Welcome to Partially Obstructed View. We are each restrained by the limits of our own perspective, but when we meet to share information a clearer picture of the truth can be revealed. Comments & criticisms are welcome.

Thursday 10 May 2012

Upon First Glance – Toronto FC v Montreal Impact – Voyageur’s Cup Second Leg

    A cool, stormy evening’s wind whipping off the lake; fans of each side gathered at BMO Field to take in the encounter.

    TFC’s in red, leaving aside the malaise that has clouded their season, to amass in the South; the Impact’s in blue to the North, having made the short journey across the provincial border for the occasion.

    Torsten Frings’ inclusion; the promised surprise, given the rattle his shoulder sustained in the last match against DC, a portent of an unwillingness to sit back and let circumstance have its way.

    An early goal, seconds shy of two minutes in; it would prove crucial. Reggie Lambe, that Bermudian Tractor, pounces on a loose ball in the box and his deflected strike curls agonizingly in at the far-post, much to the surprise of all and sundry.

    Much the same team, that which has underwhelmed thus far, but somehow a very different one. A spirituous hunger, a touch more precision, and a little bit of luck; the only measures required for a marked transformation.

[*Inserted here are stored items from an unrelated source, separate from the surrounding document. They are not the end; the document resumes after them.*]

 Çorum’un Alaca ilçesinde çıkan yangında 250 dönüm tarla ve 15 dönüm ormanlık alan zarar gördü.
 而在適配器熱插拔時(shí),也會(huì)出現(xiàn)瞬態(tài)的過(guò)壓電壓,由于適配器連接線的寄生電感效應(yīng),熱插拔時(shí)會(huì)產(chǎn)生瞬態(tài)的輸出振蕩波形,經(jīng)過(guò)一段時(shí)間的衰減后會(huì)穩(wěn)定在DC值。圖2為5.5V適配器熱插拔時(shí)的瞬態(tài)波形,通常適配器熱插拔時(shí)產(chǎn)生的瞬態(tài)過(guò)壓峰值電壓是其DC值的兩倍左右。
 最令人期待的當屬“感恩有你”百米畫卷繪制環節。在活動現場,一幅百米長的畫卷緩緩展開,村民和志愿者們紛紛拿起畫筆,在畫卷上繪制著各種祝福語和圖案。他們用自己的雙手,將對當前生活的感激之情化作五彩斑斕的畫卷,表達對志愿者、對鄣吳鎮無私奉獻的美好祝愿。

    Nothing was out of reach, for they had come to play. A team meeting; unburdened of the suppressive load, it showed. Then, almost without warning came a turn.

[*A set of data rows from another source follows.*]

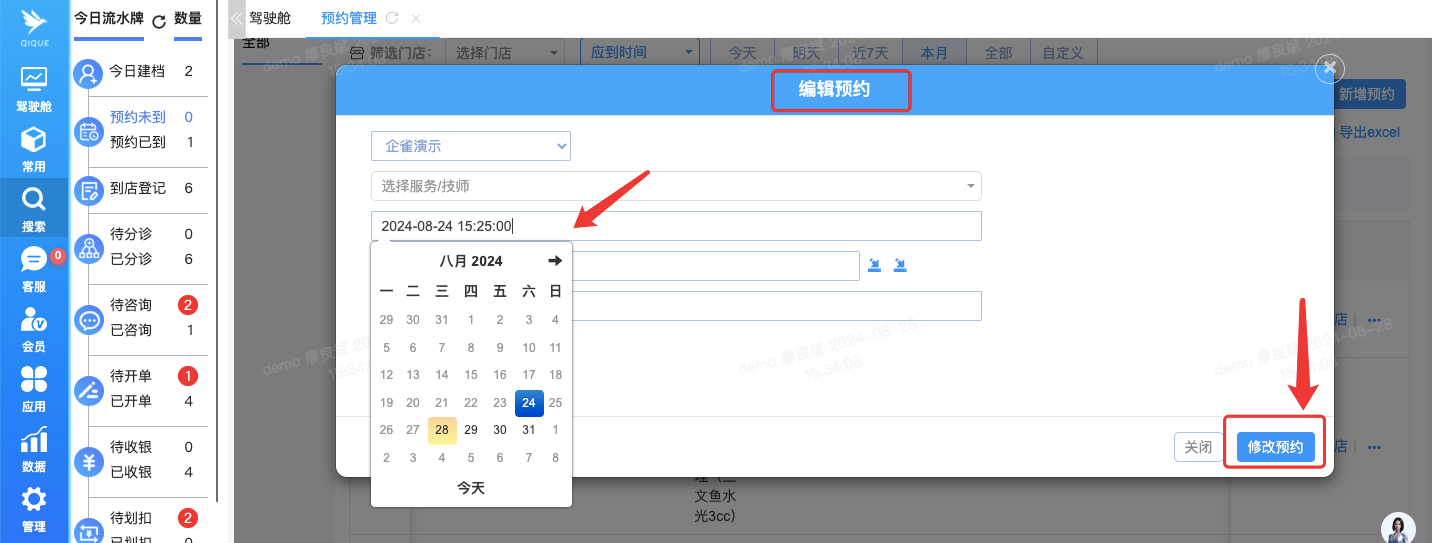 是员工后台预约,可以让给顾客创建预约的员工进行修改预约时间;
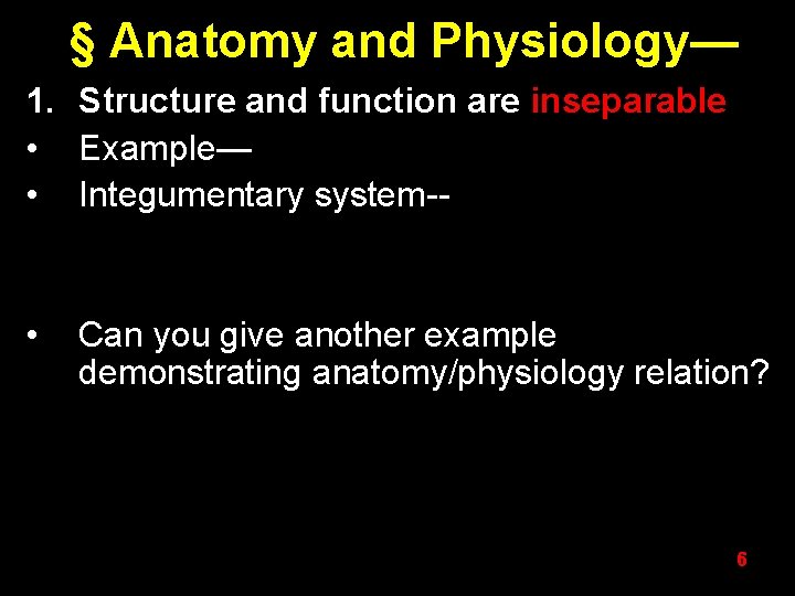 Which type of anatomy listed below is not an example of gross anatomy? Define the terms anatomy and physiology, and give specific examples to so understanding physiology requires an understanding of anatomy, and vice versa. For example, a physiologist may focus on the excretory system or the reproductive system.
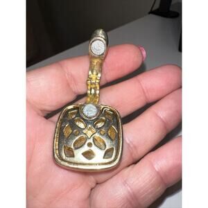 This is a stunning gold-tone pendant with a pavé setting of rhinestones. The pendant has a magnetic closure and is made of rhinestone material.

    Some say fallacious, others debatable, but certainly in the least - a mysterious red card, if not for the boot of Richard Eckersley that caught Sinisa Ubiparipovic, then for how it played out. Card given one way, but foul the other.

    Up a goal, down a man; the former showed the latter not at all. The red advantage in one direction only; for the most part.

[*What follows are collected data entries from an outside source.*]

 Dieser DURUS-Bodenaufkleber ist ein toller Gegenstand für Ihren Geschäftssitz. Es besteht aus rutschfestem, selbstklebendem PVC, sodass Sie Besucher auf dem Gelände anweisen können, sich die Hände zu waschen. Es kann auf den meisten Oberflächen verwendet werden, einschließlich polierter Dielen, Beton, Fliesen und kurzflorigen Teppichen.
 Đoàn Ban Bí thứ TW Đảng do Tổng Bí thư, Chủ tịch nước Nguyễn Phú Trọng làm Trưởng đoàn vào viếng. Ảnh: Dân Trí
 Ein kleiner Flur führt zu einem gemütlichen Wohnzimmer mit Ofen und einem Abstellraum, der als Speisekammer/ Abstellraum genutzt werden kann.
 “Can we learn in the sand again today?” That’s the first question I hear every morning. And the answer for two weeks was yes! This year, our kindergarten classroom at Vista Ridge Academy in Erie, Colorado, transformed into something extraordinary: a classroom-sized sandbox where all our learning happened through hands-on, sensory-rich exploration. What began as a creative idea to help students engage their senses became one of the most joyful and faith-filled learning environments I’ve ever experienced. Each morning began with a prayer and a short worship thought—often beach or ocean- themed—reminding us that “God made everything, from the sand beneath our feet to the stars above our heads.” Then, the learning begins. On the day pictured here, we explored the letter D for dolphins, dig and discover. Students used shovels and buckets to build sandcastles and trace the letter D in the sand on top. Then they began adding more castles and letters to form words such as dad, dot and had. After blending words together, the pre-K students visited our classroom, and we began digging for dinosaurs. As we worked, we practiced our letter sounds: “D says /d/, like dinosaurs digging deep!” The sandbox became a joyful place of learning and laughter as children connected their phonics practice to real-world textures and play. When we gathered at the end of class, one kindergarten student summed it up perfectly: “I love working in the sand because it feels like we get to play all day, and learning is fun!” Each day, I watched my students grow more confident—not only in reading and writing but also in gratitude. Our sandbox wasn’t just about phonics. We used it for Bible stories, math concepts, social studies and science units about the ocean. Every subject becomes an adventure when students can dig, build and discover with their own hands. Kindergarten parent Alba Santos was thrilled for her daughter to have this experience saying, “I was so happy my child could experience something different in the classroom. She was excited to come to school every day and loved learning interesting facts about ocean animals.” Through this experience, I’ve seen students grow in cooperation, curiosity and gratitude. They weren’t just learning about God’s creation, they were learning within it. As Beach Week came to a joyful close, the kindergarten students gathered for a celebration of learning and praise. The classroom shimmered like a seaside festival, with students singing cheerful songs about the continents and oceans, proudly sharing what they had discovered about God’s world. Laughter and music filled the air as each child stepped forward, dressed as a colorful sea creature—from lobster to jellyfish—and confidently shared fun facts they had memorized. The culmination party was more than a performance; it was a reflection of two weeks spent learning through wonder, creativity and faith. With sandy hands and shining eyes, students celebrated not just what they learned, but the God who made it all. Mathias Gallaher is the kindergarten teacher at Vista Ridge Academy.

    Then a second; goal that is.

    A blocked clearance falls kindly onto the forehead of Ryan Johnson, who then reacts quickest to the rebound to slam across Donovan Ricketts – resplendent in a radiating orange glow – to double the lead at two.

    Tempers flare as the halftime whistle tolls, finger-pointing ensues, followed by a shove or two, much ado about nothing in the end.

    The second more daunting; impact changes for Montreal, while Toronto holds firm to their success.

    Outnumbered but not outfought, out-possessed but not out-played. Memory struggles to recall any real moments of threat through the long forty-five-plus; though memory at such moments of stress has been known to fail.

    Milos Kocic responded when called; outfield the legs tired, but did as they were told.

    In truth it could have been more, but 2-0 proved to be enough. 

    In a game of inches, Toronto outpaced their rivals by a mile. That which had been lost, was found for one night.

    A good place to start; what will tomorrow bring?

    For now, Vancouver awaits; the rest, well; wait and see.